II - de responsável, em relação à Contribuição para o PIS/Pasep, à COFINS e ao IPI.

§ 4 Para os efeitos deste artigo, equipara-se ao importador a pessoa jurídica adquirente de
bens estrangeiros, no caso de importação realizada por sua conta e ordem por intermédio de
pessoa jurídica importadora.

Art. 10. No caso de venda ou importação de serviços de tecnologia industrial básica,
desenvolvimento e inovação tecnológica, assistência técnica e transferência de tecnologia,
destinados a empresas beneficiárias do RETID, fica suspensa a exigência:

I - da Contribuição para o PIS/Pasep e da COFINS incidentes sobre a receita de prestação
de serviços efetuada por pessoa jurídica estabelecida no País, quando prestados para
pessoa jurídica beneficiária do RETID; e

II - da Contribuição para o PIS/Pasep-Importação e da COFINS-Importação incidentes sobre
serviços, quando importados diretamente por pessoa jurídica beneficiária do RETID.

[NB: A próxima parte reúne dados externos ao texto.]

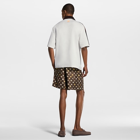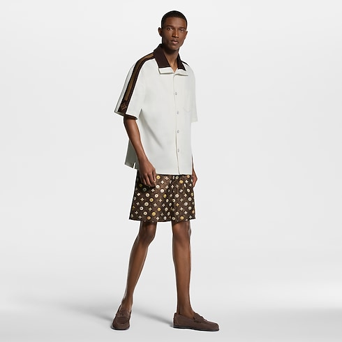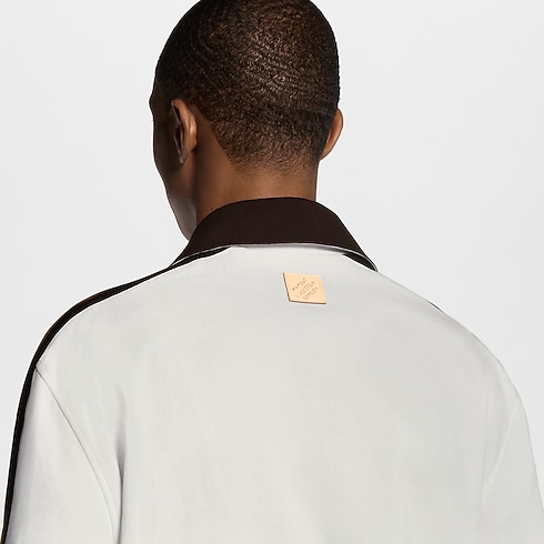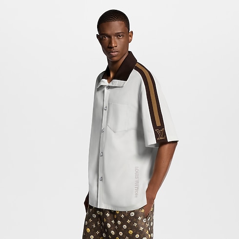 Dunkelbraune, gerippte Einsätze verleihen diesem kurzärmeligen weißen Hemd aus Baumwollpiqué einen grafischen Akzent. Charakteristische, bestickte Bänder zieren die Schultern und Ärmel, während der braune, geknöpfte Kragen sowohl hochgeschlossen wie ein Rollkragen als auch offen getragen werden kann. Der gestickte Louis Vuitton-Schriftzug auf der linken Körperseite sorgt für eine sportive Note. Dieses Modell lässt sich mit den fließenden Hosen und Shorts der Kollektion zu einem Look im Preppy-Stil kombinieren.
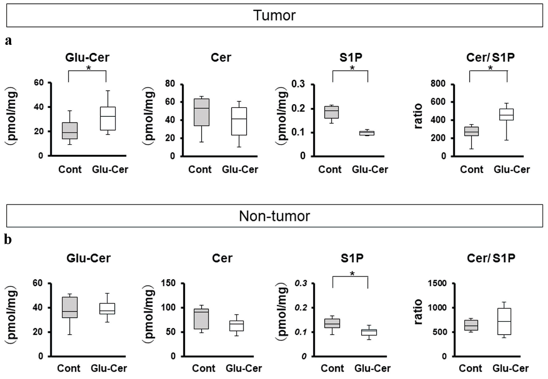 We compared sphingolipid concentrations between breast tumor tissues (n = 10) and paired non-tumor tissues (n = 10) in the control group (Fig. 3a) and in the Glu-Cer group (Fig. 3b). In the control group, tumor tissues had significantly lower concentrations of Glu-Cer (median, 19.2 pmol/mg vs. 37.0 pmol/mg, P = 0.030) and Cer (median, 53.1 pmol/mg vs. 91.0 pmol/mg, P = 0.026) than paired non-tumor tissues (Fig. 3a). The S1P concentration was significantly higher in tumor tissues than in non-tumor tissues (median, 0.19 pmol/mg vs. 0.13 pmol/mg, P = 0.009) (Fig. 3a). The ratio of the Cer concentration to that of S1P in tumor tissues was significantly lower than that in paired non-tumor tissues (median, 269 vs. 627, P = 0.040) (Fig. 3a). In the Glu-Cer group, tumor tissues had significantly lower concentration of Cer (median, 41.9 pmol/mg vs. 66.5 pmol/mg, P = 0.035). The ratio of the Cer concentration to that of S1P in tumor tissues was significantly lower than that in paired non-tumor tissues (median, 443 vs. 714, P = 0.034) (Fig. 3b).
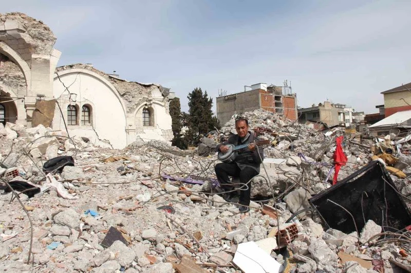 Enkazda eserlerini ve bilgisayarını arayan ünlü bestekar Aziz Çelik, enkazda cümbüşü ile ‘Oy aman aman burası Adıyaman’ türküsünü seslendirdi.
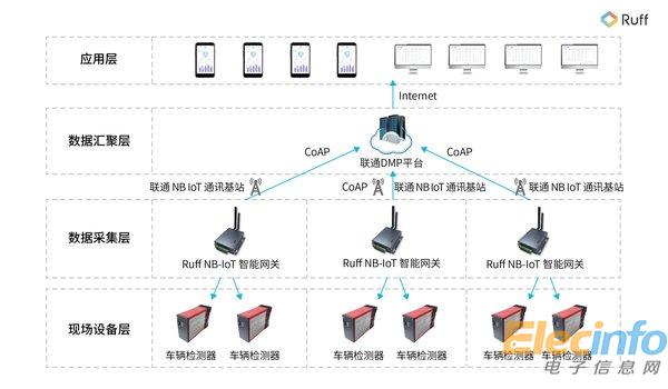 數(shù)據(jù)采集層:通過Ruff NB-IoT智能網(wǎng)關(guān)連接車輛檢測器設備,實時監(jiān)測車輛檢測器狀態(tài)、環(huán)境溫濕度、GPS位置信息;
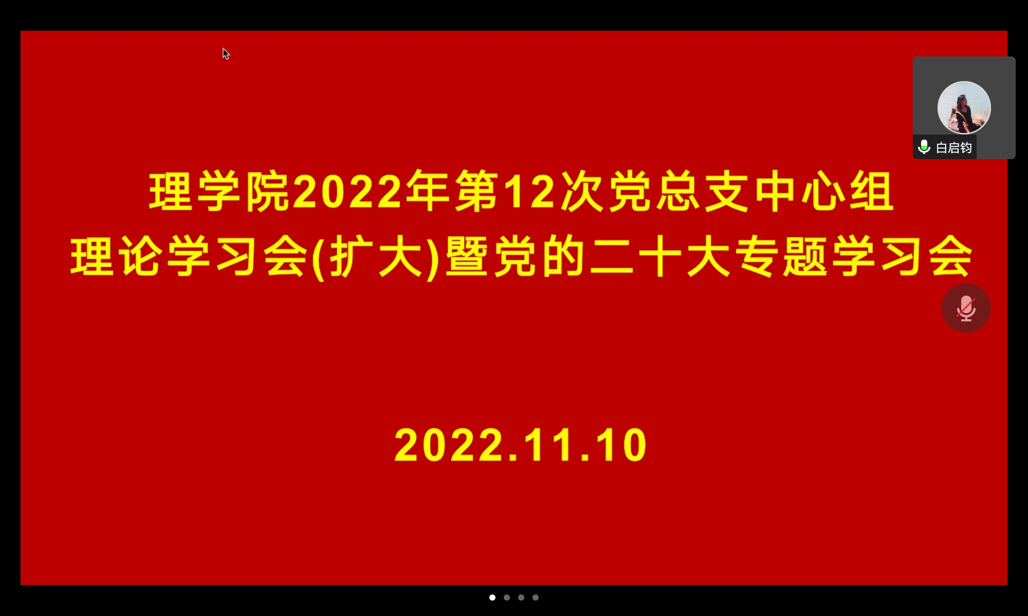 11月10日,理学院党总支通过腾讯会议线上召开了理学院2022年第十二次党总支中心组理论学习会暨党的二十大精神专题(扩大)学习会。学院领导、中心组成员及全体党员参会,会议由学院党总支书记白启钧主持。
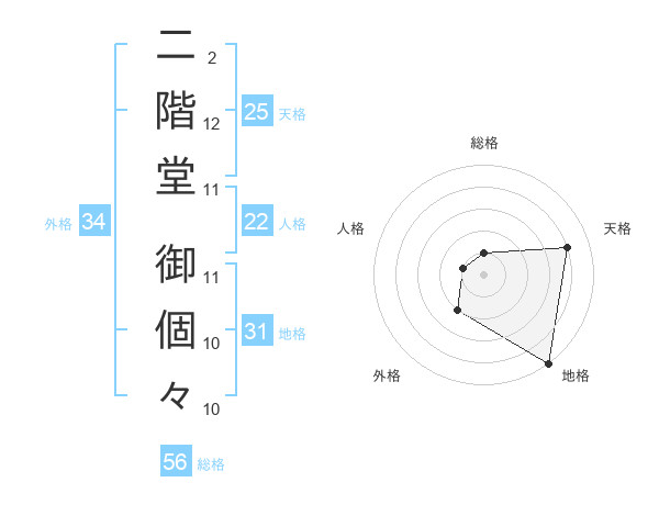 二階堂 御個々さんを姓名の画数から五運を鑑定
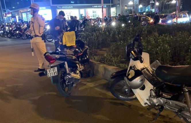 Thông tin ban đầu, khoảng 18h55 ngày 19/2, Tổ công tác gồm đại uý Bùi Duy Ngọc, thượng uý Vũ Đình Thanh và trung uý Nguyễn Đức Anh thuộc Đội CSGT số 7 (Phòng CSGT, Công an TP Hà Nội) làm nhiệm vụ tại chốt giao thông Lê Văn Lương - Khuất Duy Tiến thì phát hiện 2 người đi xe máy xô xát.
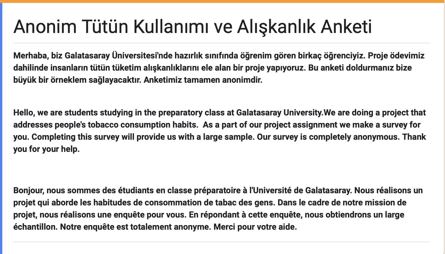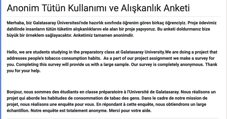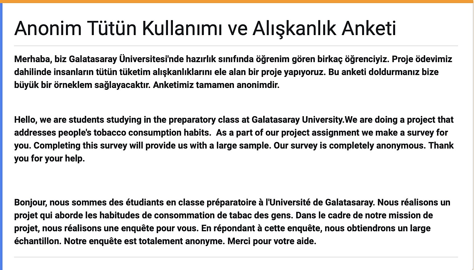 Merhaba, biz Galatasaray Üniversitesi'nde hazırlık sınıfında öğrenim gören birkaç öğrenciyiz. Proje ödevimiz dahilinde insanların tütün tüketim alışkanlıklarını ele alan bir proje yapıyoruz. Bu anketi doldurmanız bize büyük bir örneklem sağlayacaktır. Anketimiz tamamen anonimdir. Bize zaman ayırdığınız için teşekkür ederiz.
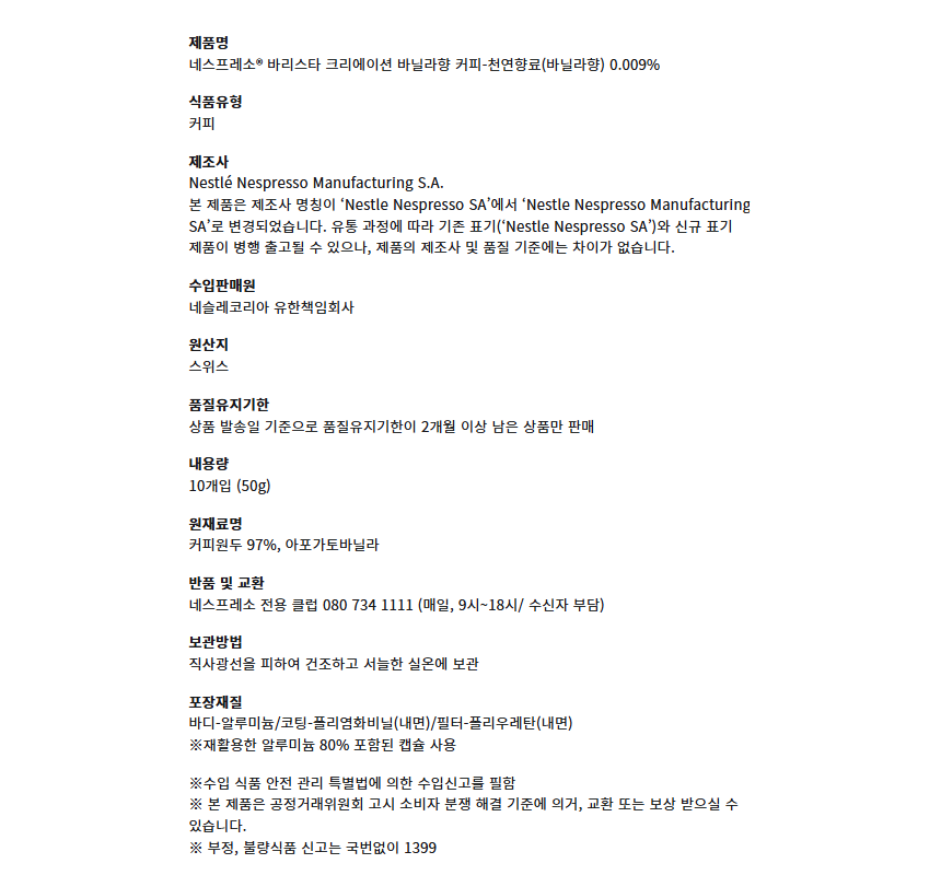 | 생산자 및 소재지 | 컨텐츠 참조 | 제조연월일, 소비기한 또는 품질유지기한 | 소비기한(또는 유통기한) : 2026년 08월 09일 이거나 그 이후인 상품 제조년월일 : 2025년 08월 10일 이후인 제조상품 |
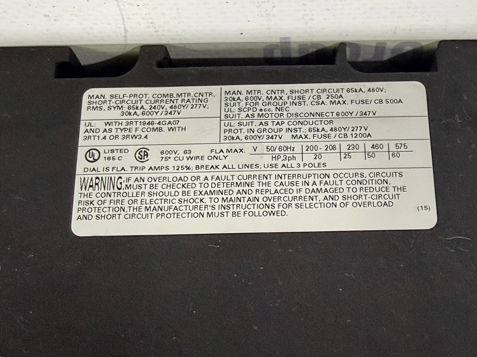 Діапазон налаштування теплового розчеплювача: 45 – 63 А.
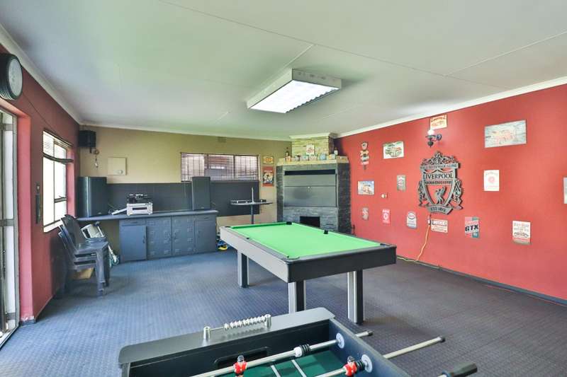 Outside entertainment room with a build in braai , and a sparkling blue pool. Staff accommodation as well as 2 store rooms.
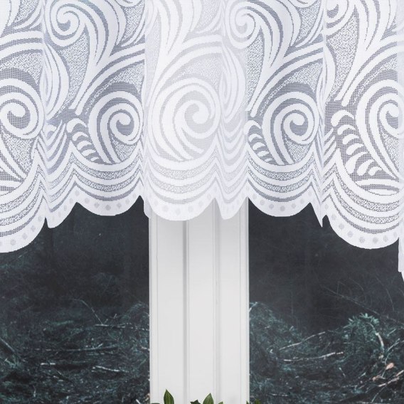 Biała firanka gotowa, profilowana po łuku z bogatym wzorem przypominającym morskie fale.
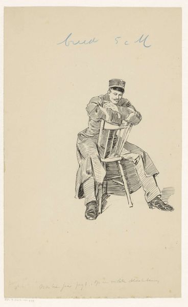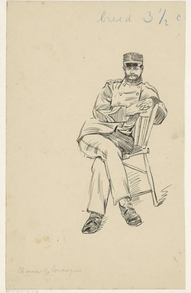 Editor: We’re looking at “Soldier Reading a Letter” by Heinrich Krabbé, made before 1898 using pen and ink. I'm struck by how minimal it is, just lines really, but it still conveys such a strong sense of quiet contemplation. How do you interpret this work through a formal lens? Curator: This work's strength resides in its meticulous mark-making. Note the hatching and cross-hatching, establishing form, volume and texture. It directs the viewer's eye and articulates tonal contrasts within the restricted palette of ink on paper. Editor: So the artist's use of line is doing more than just depicting a scene, it's constructing the emotion, too? Curator: Precisely. Consider the composition: the figure, slightly off-center, balances with the stark geometry of the cot. Observe how the downward diagonal of the soldier's posture is echoed in the lines suggesting the cot’s structure. It draws the eye to the letter—the narrative crux of the piece. It's the linear construction which reveals its formal dynamism. Editor: I see what you mean! It’s interesting how a seemingly simple drawing can be broken down into these separate visual components. Did considering only these things give us the full picture, or are we missing any insights? Curator: Considering just its visual properties provides insights into structure. Analyzing form, however, isn't necessarily an exclusive mode; context and affect could enrich our comprehension. Editor: Thank you. Breaking down this piece to lines and forms and their arrangements is quite illuminating!
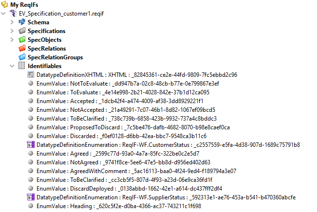 The Identifiables folder, when it is located inside a ReqIF file, contains every ReqIF object that has an identifier property i.e., Identifiable. Each Identifiable node inside the folder can be individually selected to view its details.

§ 1 As suspensões de que trata este artigo convertem-se em alíquota zero após o emprego
ou utilização dos serviços nas destinações a que se referem os incisos I e II do caput do art.
8.

§ 2 A pessoa jurídica que não empregar ou utilizar os serviços na forma prevista no § 1 fica
obrigada a recolher os tributos não pagos em decorrência da suspensão de que trata o
caput , acrescidos de juros e multa, de mora ou de ofício, na forma da lei, contados a partir
da data:

I - do pagamento, do crédito, da entrega, do emprego ou da remessa de valores, na condição
de contribuinte, em relação à Contribuição para o PIS/Pasep-Importação e a COFINS-
Importação; e

II - da aquisição, na condição de responsável, em relação à Contribuição para o PIS/Pasep e
à COFINS.

§ 3 O disposto no inciso I do caput aplica-se também na hipótese da receita de aluguel de
máquinas, aparelhos, instrumentos e equipamentos, quando contratados por pessoas
jurídicas habilitadas ao RETID.

§ 4 A fruição do benefício de que trata este artigo depende da comprovação da efetiva
prestação do serviço nas destinações a que se refere o art. 8 .

Art. 11. Os benefícios de que tratam os arts. 9 e 10 poderão ser usufruídos em até cinco
anos contados da data de publicação desta Medida Provisória, nas aquisições e importações
realizadas após a habilitação das pessoas jurídicas beneficiadas pelo RETID.

Art. 12. As operações de exportação de PRODE realizadas pelas EED poderão receber a
cobertura de garantia do Seguro de Crédito à Exportação, por intermédio do Fundo de
Garantia à Exportação - FGE, a que se refere a Lei n 9.818, de 23 de agosto de 1999,
compreendidas as garantias prestadas pela União em operações de seguro de crédito
interno para a produção de PED.

CAPÍTULO IV

DISPOSIÇÕES FINAIS

Art. 13. O disposto nesta Medida Provisória não exclui o controle e as restrições à
importação, à exportação, à fabricação, à comercialização e à utilização de produtos
controlados.

Art. 14. As compras e contratações a que se refere esta Medida Provisória observarão as
diretrizes de política externa e os compromissos internacionais ratificados pelo Brasil na área
de defesa, em especial os referentes às salvaguardas.

Art. 15. A Lei n 8.666, de 21 de junho de 1993, será aplicada de forma complementar aos
procedimentos licitatórios e aos contratos regidos por esta Medida Provisória.

Art. 16. O Poder Executivo regulamentará o disposto nesta Medida Provisória.

Art. 17. Esta Medida Provisória entra em vigor na data de sua publicação.